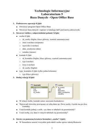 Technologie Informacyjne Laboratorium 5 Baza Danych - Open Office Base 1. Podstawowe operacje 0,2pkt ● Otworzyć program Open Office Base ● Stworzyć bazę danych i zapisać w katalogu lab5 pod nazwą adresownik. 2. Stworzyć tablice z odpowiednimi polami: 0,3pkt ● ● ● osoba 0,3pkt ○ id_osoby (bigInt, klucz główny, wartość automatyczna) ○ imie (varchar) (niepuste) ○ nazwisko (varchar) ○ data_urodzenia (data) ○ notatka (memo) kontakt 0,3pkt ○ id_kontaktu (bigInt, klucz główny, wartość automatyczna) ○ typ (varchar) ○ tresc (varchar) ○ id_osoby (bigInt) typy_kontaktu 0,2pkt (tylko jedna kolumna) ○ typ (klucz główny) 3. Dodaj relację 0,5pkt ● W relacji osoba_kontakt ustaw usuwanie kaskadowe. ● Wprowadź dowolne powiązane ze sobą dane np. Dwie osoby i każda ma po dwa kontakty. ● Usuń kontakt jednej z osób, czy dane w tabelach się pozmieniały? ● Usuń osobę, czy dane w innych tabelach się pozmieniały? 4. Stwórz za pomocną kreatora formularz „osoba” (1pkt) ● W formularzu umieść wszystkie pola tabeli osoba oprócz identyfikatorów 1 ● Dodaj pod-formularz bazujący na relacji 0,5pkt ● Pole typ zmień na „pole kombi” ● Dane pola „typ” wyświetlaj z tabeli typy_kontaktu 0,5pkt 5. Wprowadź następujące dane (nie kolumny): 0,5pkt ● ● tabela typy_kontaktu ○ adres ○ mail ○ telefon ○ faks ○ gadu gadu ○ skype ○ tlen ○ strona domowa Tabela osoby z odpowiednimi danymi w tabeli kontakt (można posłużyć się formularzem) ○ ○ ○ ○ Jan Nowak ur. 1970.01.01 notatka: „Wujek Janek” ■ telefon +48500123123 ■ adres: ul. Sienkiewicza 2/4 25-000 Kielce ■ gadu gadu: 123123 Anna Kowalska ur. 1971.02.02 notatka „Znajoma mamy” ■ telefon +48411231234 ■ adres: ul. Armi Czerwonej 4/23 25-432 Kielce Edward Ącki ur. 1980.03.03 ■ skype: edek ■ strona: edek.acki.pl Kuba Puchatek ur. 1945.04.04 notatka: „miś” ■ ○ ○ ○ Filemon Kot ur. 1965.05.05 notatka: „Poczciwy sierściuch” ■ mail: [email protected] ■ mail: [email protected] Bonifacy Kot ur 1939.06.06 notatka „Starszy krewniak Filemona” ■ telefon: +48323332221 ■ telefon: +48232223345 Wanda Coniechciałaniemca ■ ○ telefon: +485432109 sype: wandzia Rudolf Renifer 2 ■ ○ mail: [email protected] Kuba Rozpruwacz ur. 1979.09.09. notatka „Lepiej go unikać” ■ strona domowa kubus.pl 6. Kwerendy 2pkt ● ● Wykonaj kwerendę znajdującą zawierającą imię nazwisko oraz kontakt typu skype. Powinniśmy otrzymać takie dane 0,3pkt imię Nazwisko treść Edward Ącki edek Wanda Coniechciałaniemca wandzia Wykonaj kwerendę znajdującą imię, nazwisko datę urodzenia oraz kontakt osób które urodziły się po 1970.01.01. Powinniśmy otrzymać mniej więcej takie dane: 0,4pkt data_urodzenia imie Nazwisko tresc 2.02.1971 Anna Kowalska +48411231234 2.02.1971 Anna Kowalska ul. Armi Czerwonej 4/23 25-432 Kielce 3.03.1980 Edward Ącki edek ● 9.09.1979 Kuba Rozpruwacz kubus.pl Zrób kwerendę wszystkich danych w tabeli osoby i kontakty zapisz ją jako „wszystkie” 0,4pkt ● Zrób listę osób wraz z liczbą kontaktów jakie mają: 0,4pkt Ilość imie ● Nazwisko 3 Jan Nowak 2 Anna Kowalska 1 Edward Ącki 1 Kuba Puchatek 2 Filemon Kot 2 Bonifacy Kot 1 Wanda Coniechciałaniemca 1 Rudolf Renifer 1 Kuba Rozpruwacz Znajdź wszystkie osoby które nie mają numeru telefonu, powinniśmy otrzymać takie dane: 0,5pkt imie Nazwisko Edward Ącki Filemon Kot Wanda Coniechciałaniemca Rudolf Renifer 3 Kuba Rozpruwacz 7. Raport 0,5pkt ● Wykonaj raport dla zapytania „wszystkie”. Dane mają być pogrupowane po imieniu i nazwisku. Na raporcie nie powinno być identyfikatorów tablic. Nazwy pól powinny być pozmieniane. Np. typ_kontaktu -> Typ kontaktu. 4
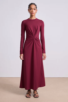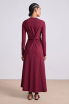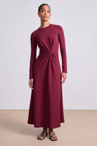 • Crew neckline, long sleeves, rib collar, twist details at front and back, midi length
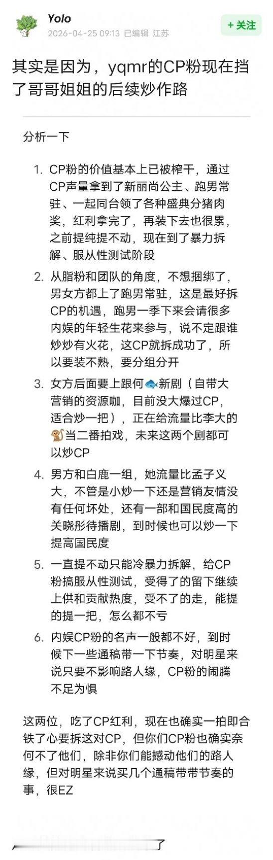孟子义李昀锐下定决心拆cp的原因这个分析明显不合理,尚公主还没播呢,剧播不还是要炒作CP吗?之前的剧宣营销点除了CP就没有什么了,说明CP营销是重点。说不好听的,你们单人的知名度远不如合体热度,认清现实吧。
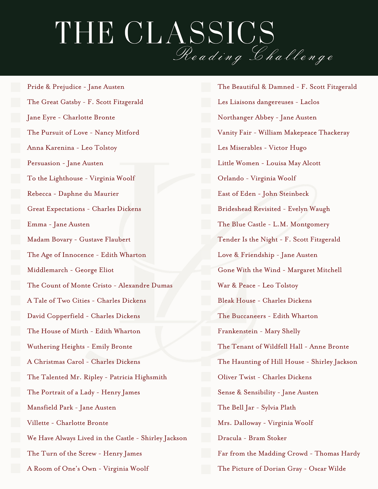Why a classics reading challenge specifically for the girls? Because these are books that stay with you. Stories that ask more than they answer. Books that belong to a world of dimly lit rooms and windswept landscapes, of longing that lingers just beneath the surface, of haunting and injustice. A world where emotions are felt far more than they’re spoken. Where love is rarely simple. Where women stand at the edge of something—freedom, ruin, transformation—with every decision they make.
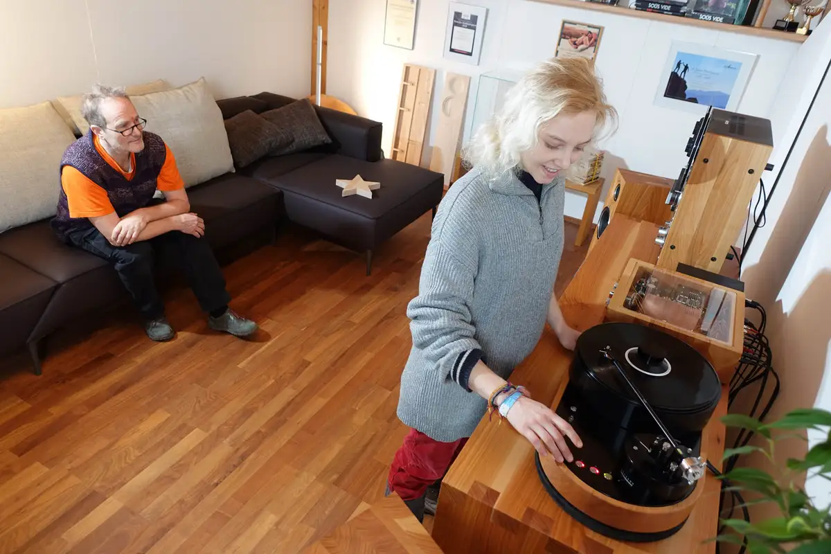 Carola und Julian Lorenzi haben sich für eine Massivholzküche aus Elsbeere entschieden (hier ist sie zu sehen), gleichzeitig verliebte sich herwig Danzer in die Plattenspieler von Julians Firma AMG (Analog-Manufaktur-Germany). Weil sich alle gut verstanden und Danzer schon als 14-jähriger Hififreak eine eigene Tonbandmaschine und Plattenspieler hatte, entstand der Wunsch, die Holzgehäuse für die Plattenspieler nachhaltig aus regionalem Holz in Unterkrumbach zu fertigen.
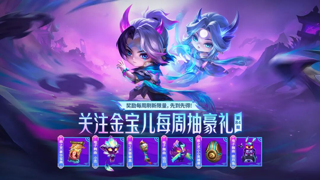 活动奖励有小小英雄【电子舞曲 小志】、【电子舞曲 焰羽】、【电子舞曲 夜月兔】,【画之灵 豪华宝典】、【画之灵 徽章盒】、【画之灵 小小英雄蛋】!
****
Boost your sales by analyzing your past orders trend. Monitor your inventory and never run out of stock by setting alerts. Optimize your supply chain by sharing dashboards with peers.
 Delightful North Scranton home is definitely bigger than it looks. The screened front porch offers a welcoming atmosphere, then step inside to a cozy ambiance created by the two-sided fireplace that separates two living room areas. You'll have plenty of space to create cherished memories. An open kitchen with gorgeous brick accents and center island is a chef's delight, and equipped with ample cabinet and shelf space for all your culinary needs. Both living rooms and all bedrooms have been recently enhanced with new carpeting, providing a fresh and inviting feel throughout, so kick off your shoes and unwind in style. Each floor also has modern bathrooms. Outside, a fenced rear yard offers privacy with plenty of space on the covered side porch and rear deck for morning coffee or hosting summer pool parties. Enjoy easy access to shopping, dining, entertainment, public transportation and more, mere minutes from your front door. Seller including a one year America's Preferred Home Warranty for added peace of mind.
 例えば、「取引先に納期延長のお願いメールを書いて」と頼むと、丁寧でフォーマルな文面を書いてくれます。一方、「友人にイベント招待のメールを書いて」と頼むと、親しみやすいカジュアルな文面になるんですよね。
****
Everything above from the line containing "Boost your sales" through the line containing "例えば、「取引先に納期延長の" must be copied exactly. Nothing outside that range belongs in the answer.

▶ [Task solution]
Boost your sales by analyzing your past orders trend. Monitor your inventory and never run out of stock by setting alerts. Optimize your supply chain by sharing dashboards with peers.
 Delightful North Scranton home is definitely bigger than it looks. The screened front porch offers a welcoming atmosphere, then step inside to a cozy ambiance created by the two-sided fireplace that separates two living room areas. You'll have plenty of space to create cherished memories. An open kitchen with gorgeous brick accents and center island is a chef's delight, and equipped with ample cabinet and shelf space for all your culinary needs. Both living rooms and all bedrooms have been recently enhanced with new carpeting, providing a fresh and inviting feel throughout, so kick off your shoes and unwind in style. Each floor also has modern bathrooms. Outside, a fenced rear yard offers privacy with plenty of space on the covered side porch and rear deck for morning coffee or hosting summer pool parties. Enjoy easy access to shopping, dining, entertainment, public transportation and more, mere minutes from your front door. Seller including a one year America's Preferred Home Warranty for added peace of mind.
 例えば、「取引先に納期延長のお願いメールを書いて」と頼むと、丁寧でフォーマルな文面を書いてくれます。一方、「友人にイベント招待のメールを書いて」と頼むと、親しみやすいカジュアルな文面になるんですよね。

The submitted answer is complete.